Cumhuriyet Halk Partisi Genel Başkanı Kemal Kılıçdaroğlu, İzmir ziyaretlerinin ikinci gününde iş dünyası ile bir araya geldi. Balçova’da bulunan bir otelde BASİFED’in düzenlediği programa katılan CHP Lideri toplantıda "İzmir sıradan bir kent değil. Kuruluş ve kurtuluşun kenti ama bir de ilk iktisat kongresinin kurulduğu kent. Bugünden itibaren başlayarak iktisat kongresi çalışmalarını başlatarak dünyanın ne önemli iktisatçılarını bir araya toplayacağız ve sadece önümüzdeki yılları değil, bir sonraki yüzyılın da planlayacağız" İfadelerini kullandı.

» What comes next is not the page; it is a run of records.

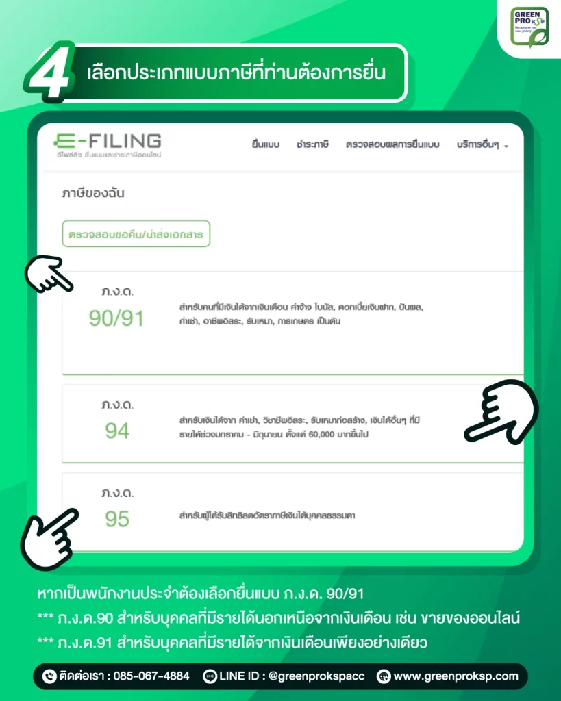 1. เลือกประเภทแบบภาษีที่ท่านต้องการยื่น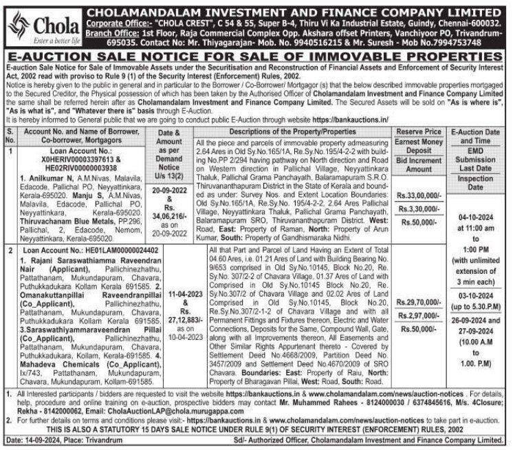 | Contact Details: | Contact The Authorized Officer : Mr. Thiyagarajan- Mob. No. 9940516215& Mr. Muhammed Rahees Ph No: 8124000030 |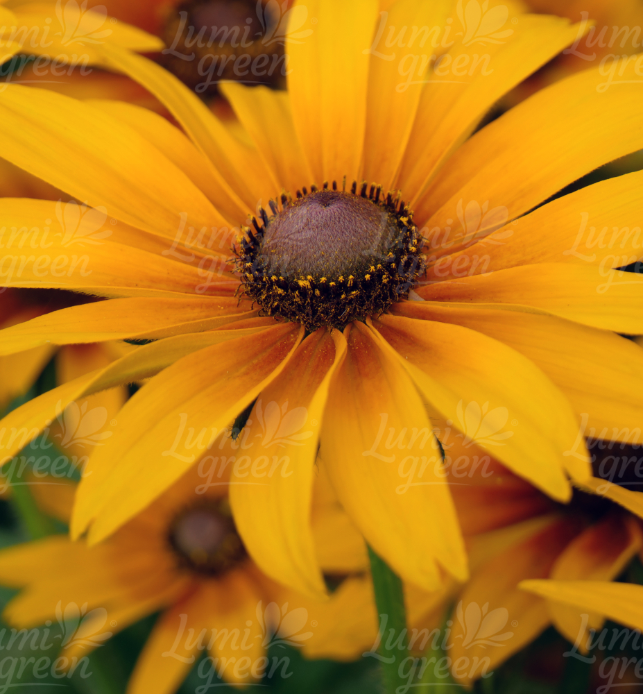 Oblíbená rudbékie s velkými oranžově žlutými květy a mahagonovou kresbou.
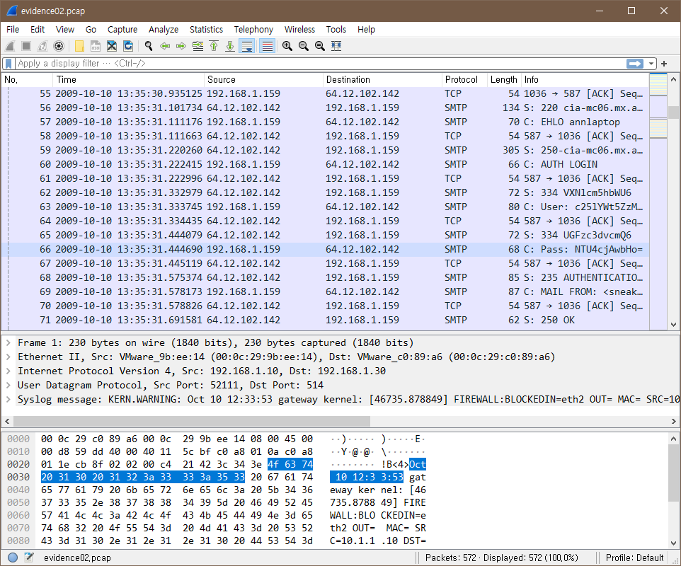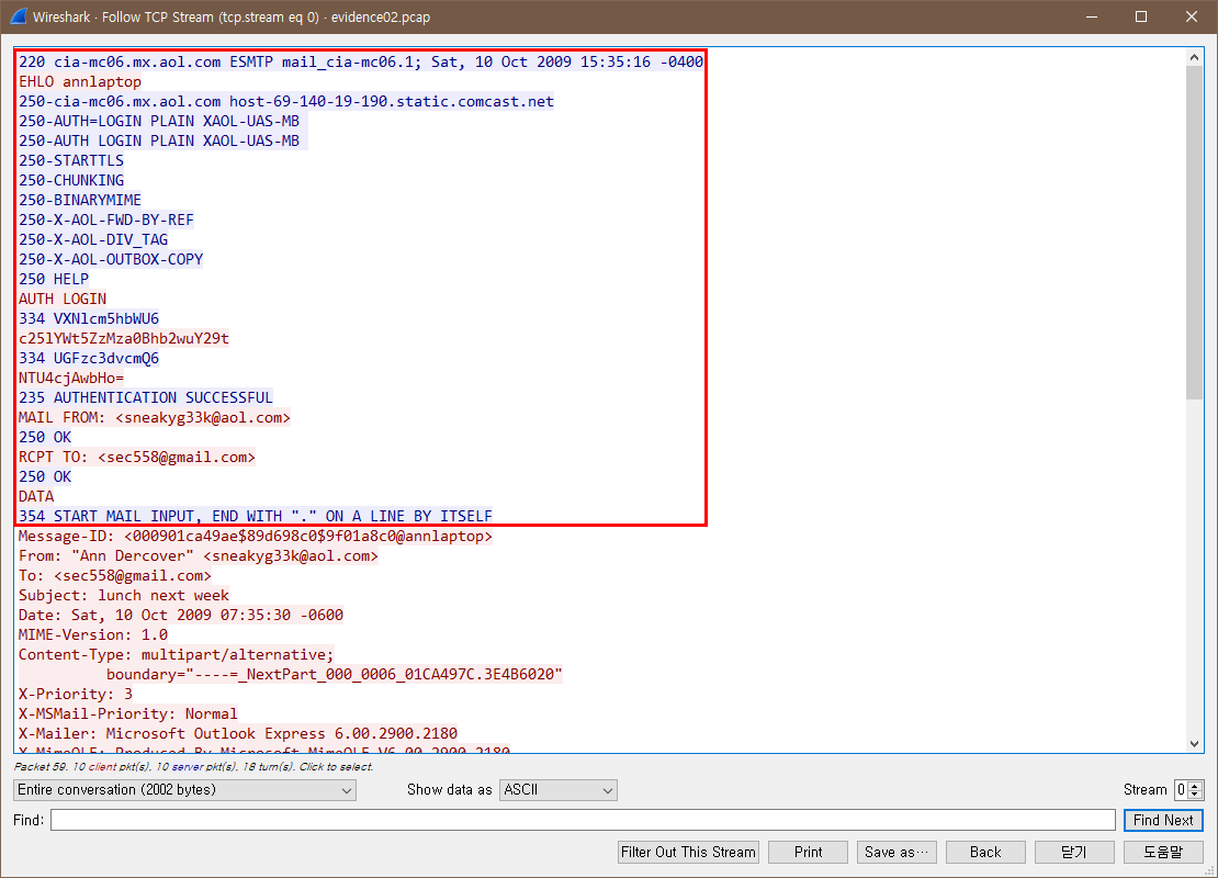 위와 같이 추정이 가능하고 크게 TCP Stream이 2개있었습니다. 이 Stream은 SMTP가 어떤 정보를 주고 받았는지를 담고 있었고 이를 바탕으로 분석을 진행하였습니다.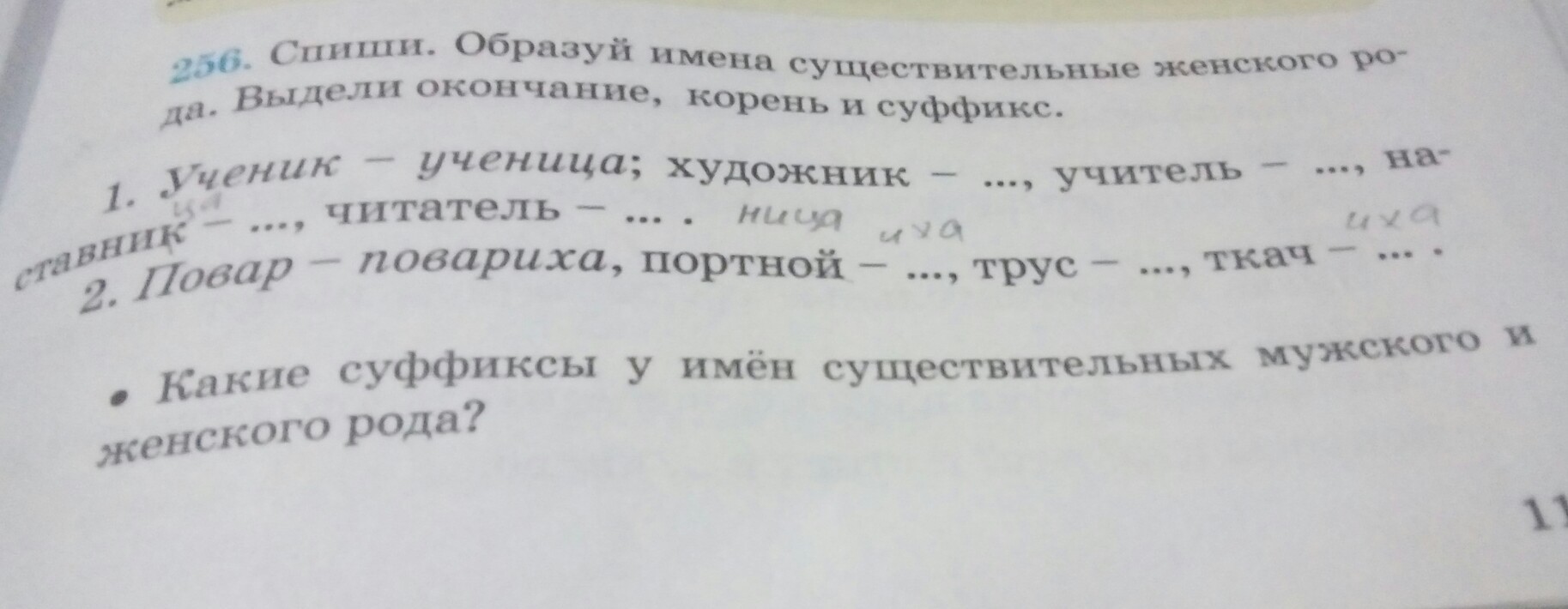 в 1 задании все слова оканчиваются на ( ца ), а во втором задании оканчиваются на ( иха )

Kılıçdaroğlu ndan İzmir de  ekonomi  reçetesi: Dünyanın en iyi iktisatçılarını toplayacağız!

Oktay GÜÇTEKİN / EGEDESONSÖZ - İzmir’in 100’üncü kurtuluş kutlamaları için İzmir’e gelen Cumhuriyet Halk Partisi Genel Başkanı ve İzmir Milletvekili Kemal Kılıçdaroğlu, kent ziyaretinin ikinci gönünde iş dünyası ile bir araya geldi.

BASİFED (Batı Anadolu Sanayici ve İş İnsanları Dernekleri Federasyonu) tarafından düzenlenen kahvaltı programına katılan CHP Lideri basına açık bölümde iş dünyasına seslenirken,  toplantının basına kapalı bölümünde ise iş insanları ile CHP Genel Başkanı Kılıçdaroğlu soru cevap bölümünde bir araya geldi.

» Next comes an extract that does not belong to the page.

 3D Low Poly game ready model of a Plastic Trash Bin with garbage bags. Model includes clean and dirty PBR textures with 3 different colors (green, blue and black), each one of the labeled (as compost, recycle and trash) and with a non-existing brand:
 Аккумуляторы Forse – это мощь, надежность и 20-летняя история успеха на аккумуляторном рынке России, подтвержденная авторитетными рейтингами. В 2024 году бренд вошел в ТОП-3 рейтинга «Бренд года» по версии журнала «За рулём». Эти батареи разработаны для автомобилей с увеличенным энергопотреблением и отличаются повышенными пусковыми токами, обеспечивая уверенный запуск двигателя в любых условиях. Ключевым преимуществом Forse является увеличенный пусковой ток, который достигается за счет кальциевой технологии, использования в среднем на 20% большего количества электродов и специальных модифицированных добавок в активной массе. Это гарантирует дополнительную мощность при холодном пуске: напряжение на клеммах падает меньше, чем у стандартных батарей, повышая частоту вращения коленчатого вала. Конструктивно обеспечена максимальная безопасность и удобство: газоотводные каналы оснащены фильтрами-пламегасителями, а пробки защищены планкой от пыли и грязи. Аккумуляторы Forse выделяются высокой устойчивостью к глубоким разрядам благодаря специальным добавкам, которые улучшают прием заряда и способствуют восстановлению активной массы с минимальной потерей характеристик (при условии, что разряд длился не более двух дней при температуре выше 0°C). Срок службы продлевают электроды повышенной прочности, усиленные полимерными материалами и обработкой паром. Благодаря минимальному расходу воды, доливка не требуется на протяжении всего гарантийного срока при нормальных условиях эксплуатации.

KILIÇDAROĞLU: DÜNYANIN EN ÖNEMLİ İKTİSATÇILARINI BİR ARAYA TOPLAYACAĞIZ
Programa katılan iş dünyası temsilcilerine seslenen Cumhuriyet Halk Partisi Genel Başkanı Kemal Kılıçdaroğlu, “ Böylesine güzel bir ortamda beni kabul ettiğiniz için teşekkür ediyorum. Mehmet Ali Beye söz vermiştim Ankara’da bir araya gelirseniz oturup konuşacağız diye. Sayın başkan (Tunç Soyer) 100’üncü yıl gerçekten çok görkemli bir kutlama gerçekleştirdi. Tüm Türkiye’ye bu güzel anı yaşattığı için kendinse teşekkür ediyoruz. 25 Ağustos’ta Kocatepe çıktık.100 yıl önce bizim çıktığımız tepede bizim askerlerimiz babalarımız, dedelerimiz ardı. Daha güçlü bir Türkiye, üniversiteleri ile büyüten, bütün enerjisini ülkenin kalkınması için harcayan bir ülke yaratacağız. Sizden tek istediğimiz var sakın karamsar olmayın. Kocatepe’ye çıktığımda nende karamsar olmamız gerektiğini bir kez daha anladım. Sıradan insanlar değildi. Onlar verdikleri mücadelenin ekonomik kalkınmanda geçtiğin biliyordu. Uzun uzun konuşmayacağım çünkü as olan sizlerin soracağı sorular. Aklınıza gelen her soruyu sorun. İlla ekonomi olması şart değil. Bir şeyden emin olun, her sorunuza büyük samimiyet ile cevap vereceğim. Bu toplantı sıradan bir toplantı değil. Bu toplantı sizin için ne kadar değerli bilmiyorum ancak bizim için çok değerli.  İzmir sıradan bir kent değil. Kuruluş ve kurtuluşun kenti ama bir de ilk iktisat kongresinin kurulduğu kent. Bugünden itibaren başlayarak iktisat kongresi çalışmalarını başlatarak dünyanın ne önemli iktisatçılarını bir araya toplayacağız ve sadece önümüzdeki yıları değil, bir sonraki yüzyılın da planlayacağız” dedi.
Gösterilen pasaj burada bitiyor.